Akshaya Tritiya, also known as Akti or Akha Teej, is an annual Hindu and Jain spring festival. It falls on the third tithi (lunar day) of the bright half (Shukla Paksha) of the month of Vaisakha. It is regionally observed as an auspicious day by Hindus and Jains in India, it signifies the "third day of unending prosperity".

Meaning 
In Sanskrit, the word akshaya (अक्षय) means "never decreasing" in the sense of "prosperity, hope, joy, success", while tritiya means "third phase of the moon". It is named after the third lunar day of the spring month of Vaisakha in the Hindu calendar, when it is observed.

Hindu tradition

Akshaya Tritiya is considered auspicious by Hindus and Jains in many regions of India for new ventures, marriages, expensive investments such as gold or other property, and any new beginnings.
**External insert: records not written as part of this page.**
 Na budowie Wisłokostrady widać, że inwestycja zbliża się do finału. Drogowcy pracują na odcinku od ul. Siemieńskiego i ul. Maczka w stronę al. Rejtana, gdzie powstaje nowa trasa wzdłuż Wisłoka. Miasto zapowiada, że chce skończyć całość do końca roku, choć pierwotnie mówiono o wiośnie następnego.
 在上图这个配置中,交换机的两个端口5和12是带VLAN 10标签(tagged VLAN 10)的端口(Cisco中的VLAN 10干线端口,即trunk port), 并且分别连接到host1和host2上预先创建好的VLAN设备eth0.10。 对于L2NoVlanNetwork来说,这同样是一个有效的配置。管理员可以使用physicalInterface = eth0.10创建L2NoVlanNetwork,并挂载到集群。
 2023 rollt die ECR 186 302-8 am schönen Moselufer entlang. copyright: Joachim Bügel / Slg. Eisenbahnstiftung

It is also a day of remembrance for the loved ones who have died. The day is regionally significant for women, married or unmarried, who pray for the well being of the men in their lives or the one they may in future get engaged to. After prayers, they distribute germinating gram (sprouts), fresh fruits and Indian sweets. If Akshaya Tritiya falls on a Monday (Rohini), the festival is believed to be even more auspicious. Fasting, charity and helping others on this day is another festive practice. In Shlok 23-24 of Shrimad Bhagwat Geeta Adhyay 16, the knowledge-giver of Gita, while giving directions clearly says that the seekers who do any spiritual practice other than the activities of worship described in the scriptures, they neither get happiness, nor do they get siddhi, and neither do they attain salvation, that is, it is a vain worship. Seeker should give up all those activities which are not mentioned in Gita and Vedas i.e. God-given scriptures.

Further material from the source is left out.